Table’s on all fours in the kitchen. Wine
breathes through its mouth.
Music like no music sweeps in off the porch swing.
A loaf cools. Butter puddles.

We are finally beside us.
What’s left and right in the world.

“Suburban Pastoral” by Charles Springer from Passager Issue 61.

Fran Markover grew up on a small poultry farm in the Catskill Mountains with her parents and grandparents. She said her grandmother spoke her heart and mind to the dishes she prepared, and those dishes tasted richer as a result. Here’s Fran Markover’s poem “Stew.”

How she spoke to the vegetables, soften up,
already or take your time, usually in Yiddish.

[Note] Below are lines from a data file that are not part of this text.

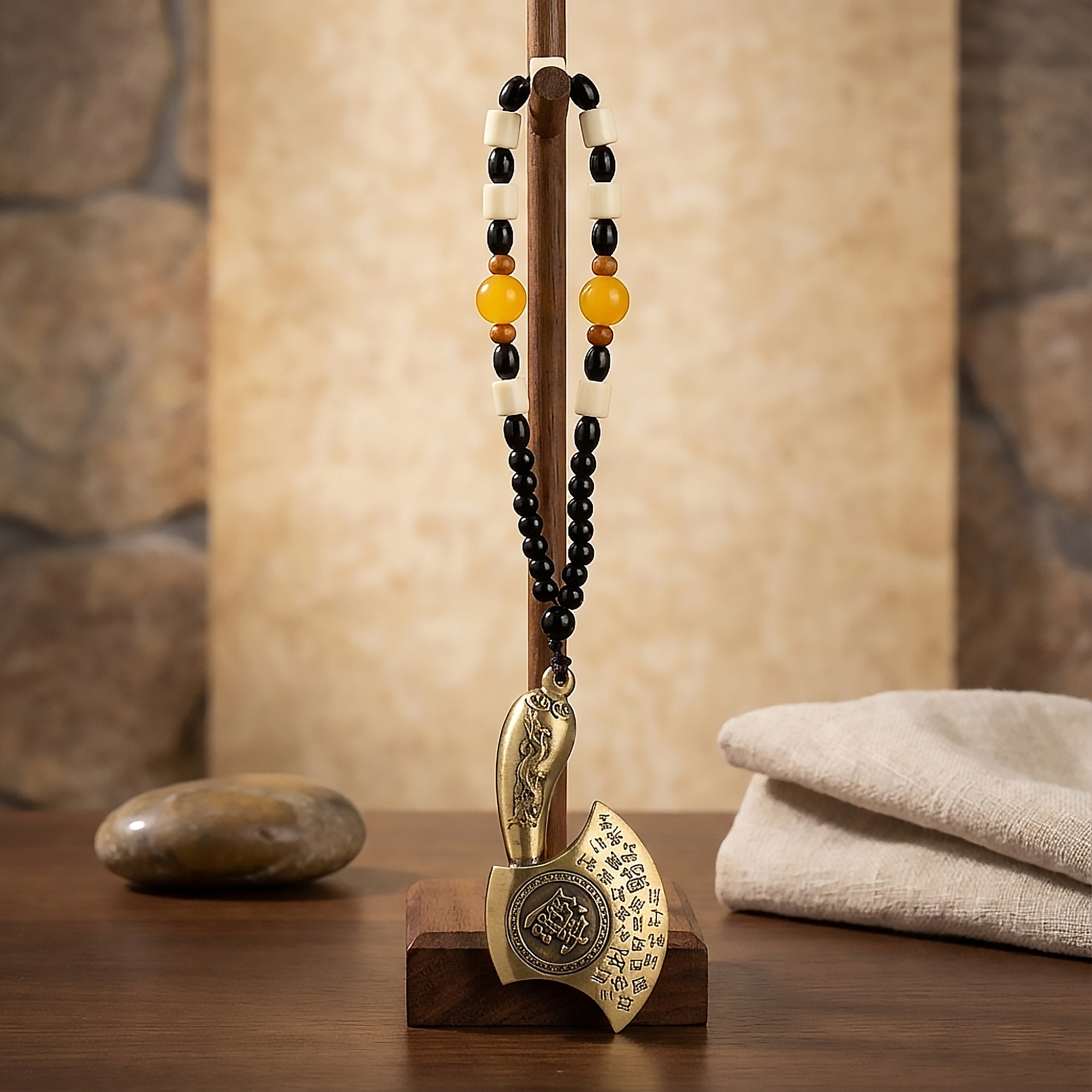 Tato závěsná sekera Feng Shui je založena na tradiční ceremoniální sekyře, která symbolizuje autoritu, ochranu a ochranu bohatství. V praxi Feng Shui představují motivy seker kontrolu nad zdroji a ochranu prosperity spíše než sílu nebo konflikt. Tento kus kombinuje symbolický význam s dekorativním vzhledem, takže je vhodný jak pro duchovní prostory, tak i pro interiéry.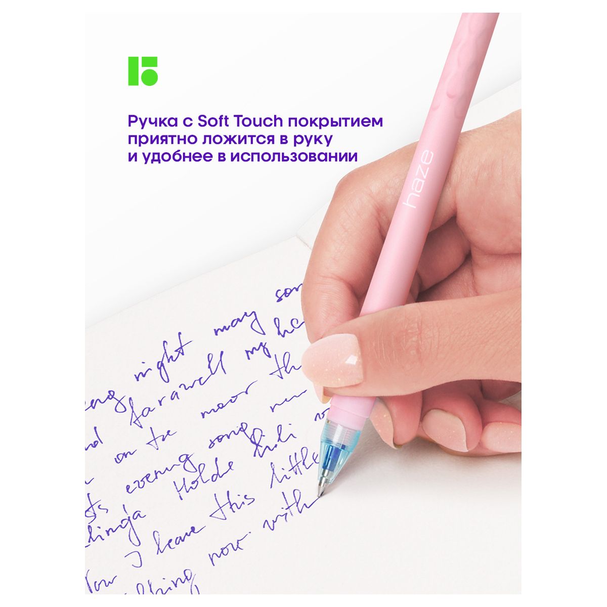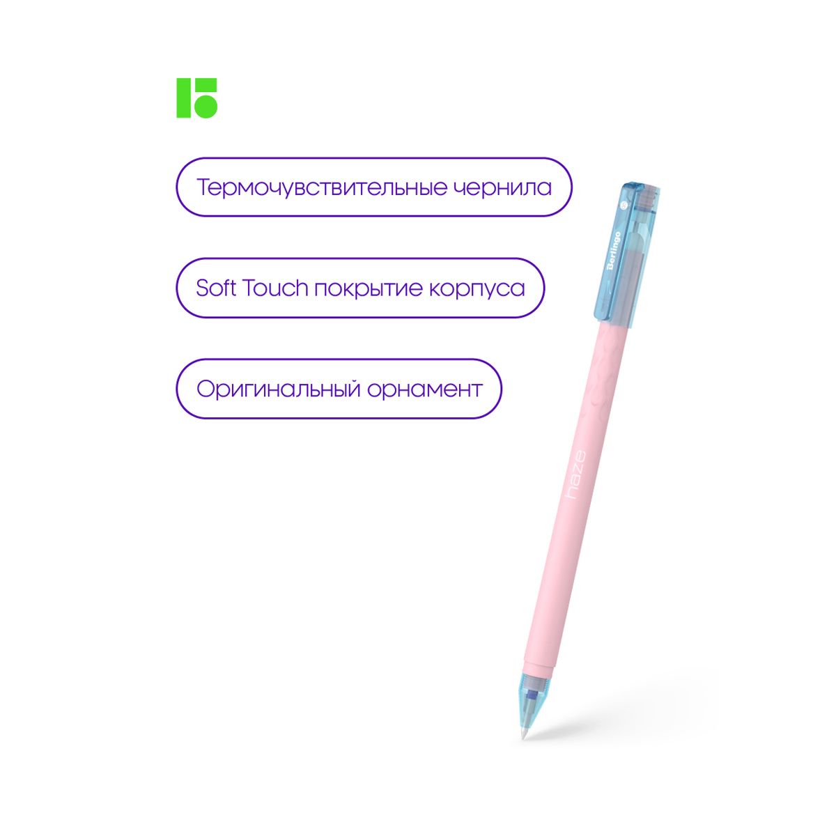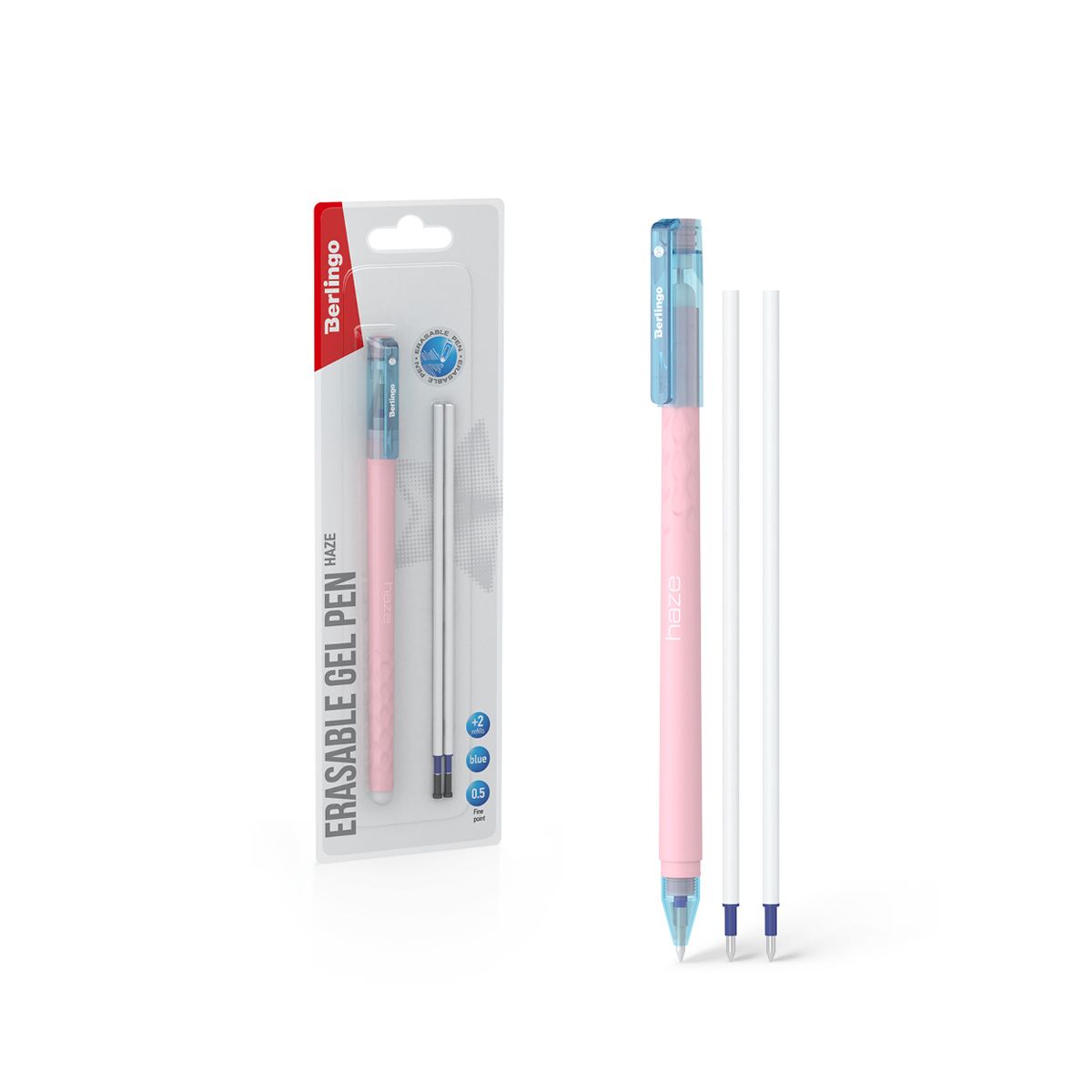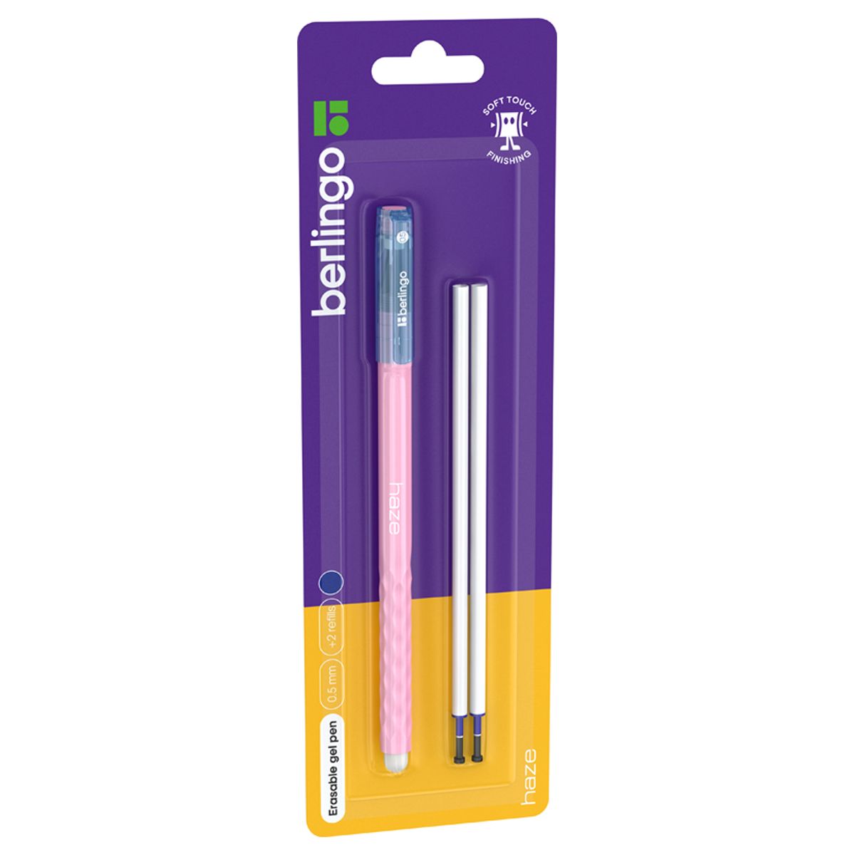Ручка гелевая стираемая Berlingo "Haze" синяя, +2 сменных стержня, 0,5мм, прорезин. корпус, розовый корпус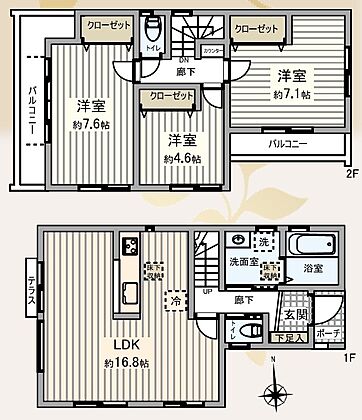 1階、2階の各フロアにトイレがあり、来客時も安心です。1年を通して快適な温水洗浄便座付き。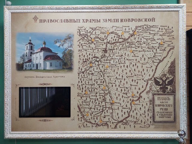 Экспозиция знакомит с историей храмов Ковровского уезда и ковровского духовенства, в том числе святителя Митрофана Воронежского, митрополита Московского и Коломенского Макария (Невского), епископа Ковровского святителя Афанасия (Сахарова), архиепископа Владимирского и Суздальского Онисима (Фестинатова). Материалы экспозиции знакомят с историй церковно-приходских школ Ковровского уезда, а также с известными церковными благотворителями.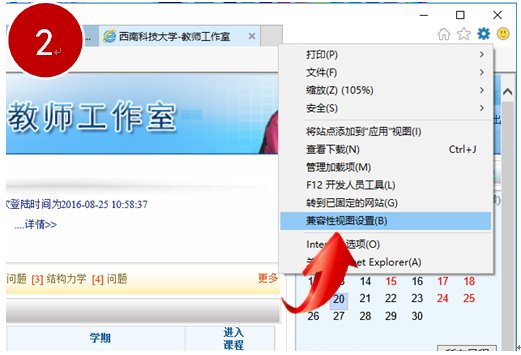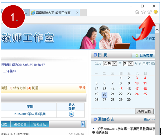 关于高版本浏览器IE10,IE11无法在【教师工作室】中无法输入通知公告等的解决办法—兼容性视图设置。具体步骤如下: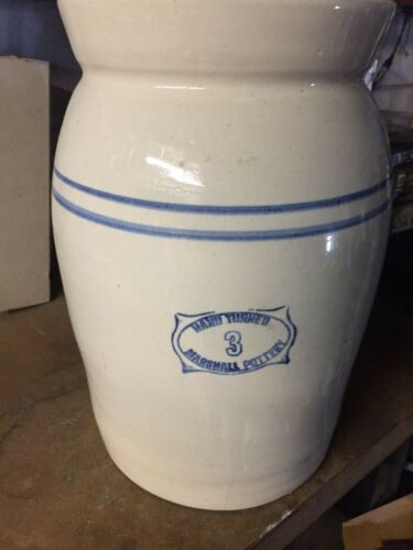 ANTIQUE MARSHALL POTTERY 3- GALLON CREAM BLUE CROCK TEXAS U.S.A.-1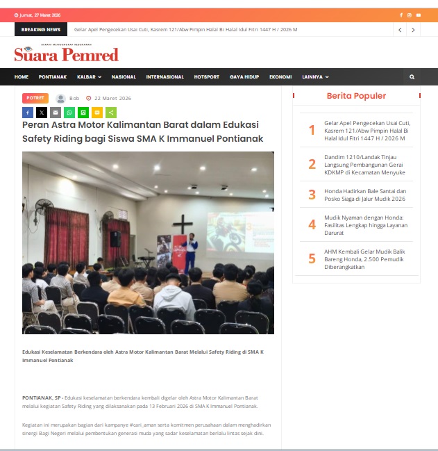 Peran Astra Motor Kalimantan Barat dalam Edukasi Safety Riding bagi Siswa SMA K Immanuel Pontianak by masmul 22 Maret 2026 in Silahkan kunjungi https://www.suarapemredkalbar.com/read/potret/22032026/peran-astra-motor-kalimantan-barat-dalam-edukasi-safety-riding-bagi-siswa-sma-k-immanuel-pontianak. You Might Like Regional Public Launching New ADV160 The SUV Pride Grand Launching New PCX 160 Truly Exceptional! Tetap hati-hati ya bro sist berkendara saat hujan.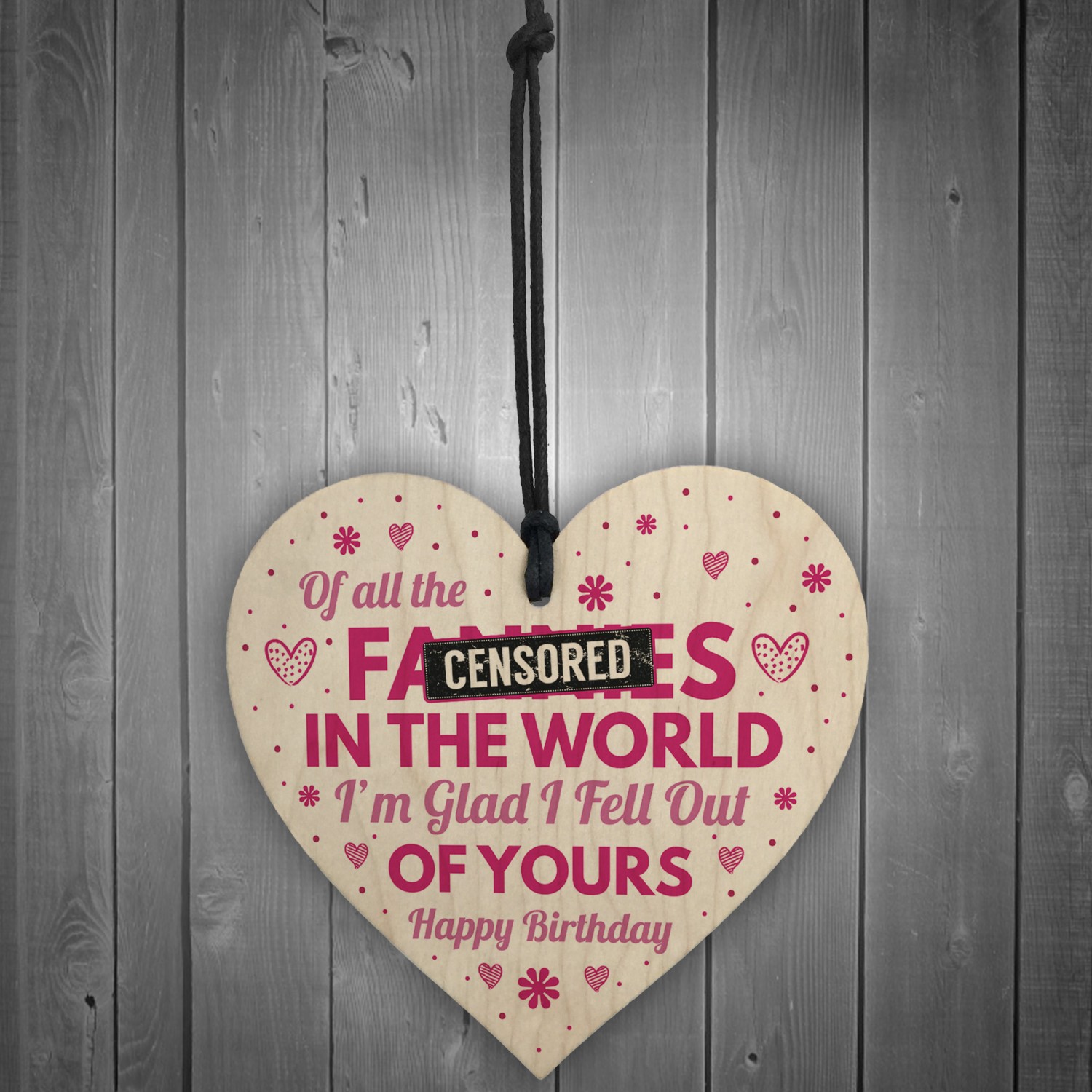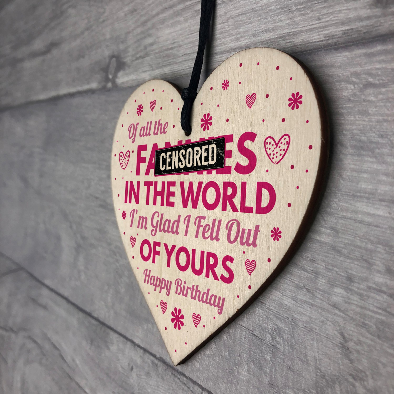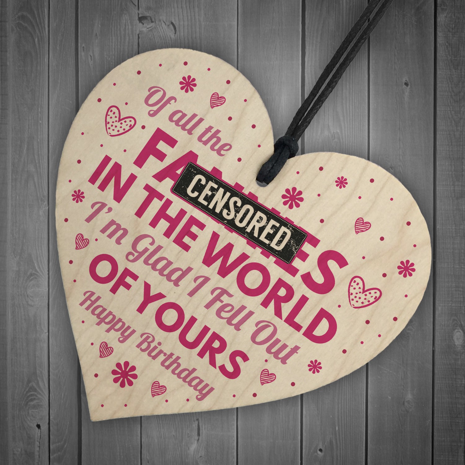A gorgeous wooden heart plaque printed with a funny / cheeky message! A unique and quirky alternative to a birthday card that your mum can hang up and keep as a memory for years to come. Give this gift with love and put a smile on your mum's face every time they read it.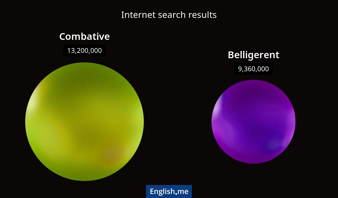 Les deux mots, "combative" et "belligerent", partagent l'idée d'une disposition agressive ou prêt à se battre. Ils sont souvent utilisés pour décrire des personnes ou des comportements qui sont confrontants et agressifs.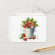 Eine Postkarte mit einer sommerlichen Grafik eines Haufen Erdbeeren, die in einem Eimer überlaufen.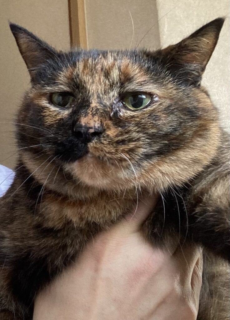 目の不自由な猫君、チビ太君。一番高齢で11歳ぐらいでしょうか、天真爛漫で元気いっぱい。食欲旺盛です。やさしい猫思いの子です。
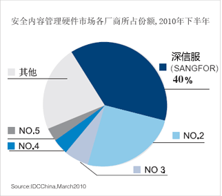 深信服科技在IDC中国发布的2010年下半年中国安全内容管理市场(上网行为管理市场)报告中占有率达到40%,在2009年占有率达到33.8%,蝉联市场占有率第一。
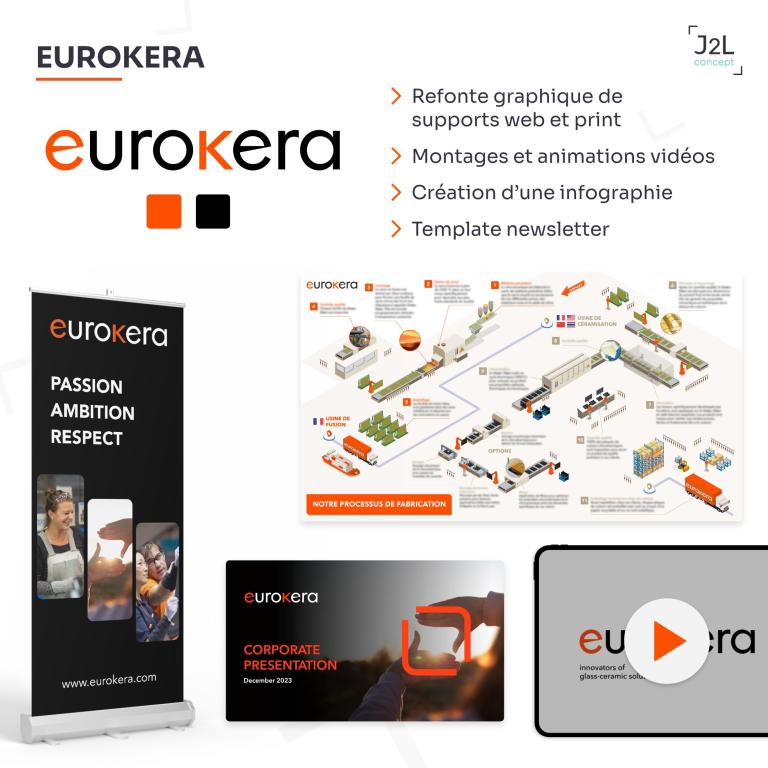 Dans le cadre de la refonte totale de son identité de marque, nous avons réalisé pour EuroKera de nombreux projets graphiques et audiovisuels, pour la communication interne et externe :
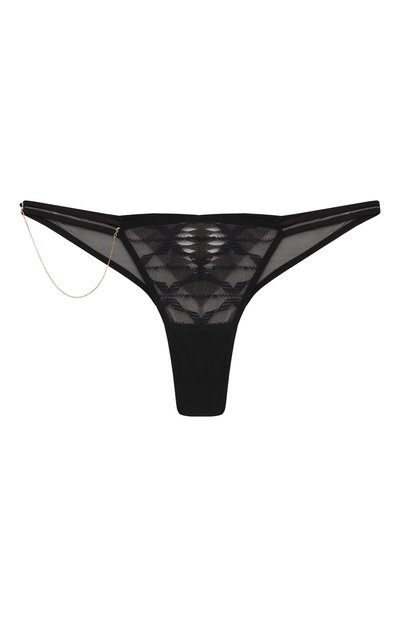 Для изготовления черных трусов из коллекции Xpression использовали нежный тюль и тонкий материал French Leavers. В графичном мотиве на нем зашифровали литеру X. Сзади модель украсили фактурной вставкой, напоминающей плетение. В комплект включили золотистую цепочку.

Maybe she was thinking about the garden
and how the pungent earth sifted through

her calloused fingers. Sometimes, I heard
cries to the chicken roosting in thick liquid.

Question & response as if she were in shul.
The rabbi intoning his queries, congregants

nodding amen. Grandmother asking the bird
what’s missing—salt, chives, a bissel celery?

Sometimes, steam would moisten her face.
It wasn’t the onion commiserating or broth

on lowest flame, but something bone-deep,
green as kale that led her to whisper only in

dreams are carrots as big as bears, or mayn
cabbage, help me, Got in himmel
, my God

in heaven, help me remember—how much
sour or sweet, how much longer for each

layer to boil down, simmer, tender as flesh.

Fran Markover’s poem “Stew” originally appeared in Passager Issue 59 and later appeared in her collection Grandfather’s Mandolin.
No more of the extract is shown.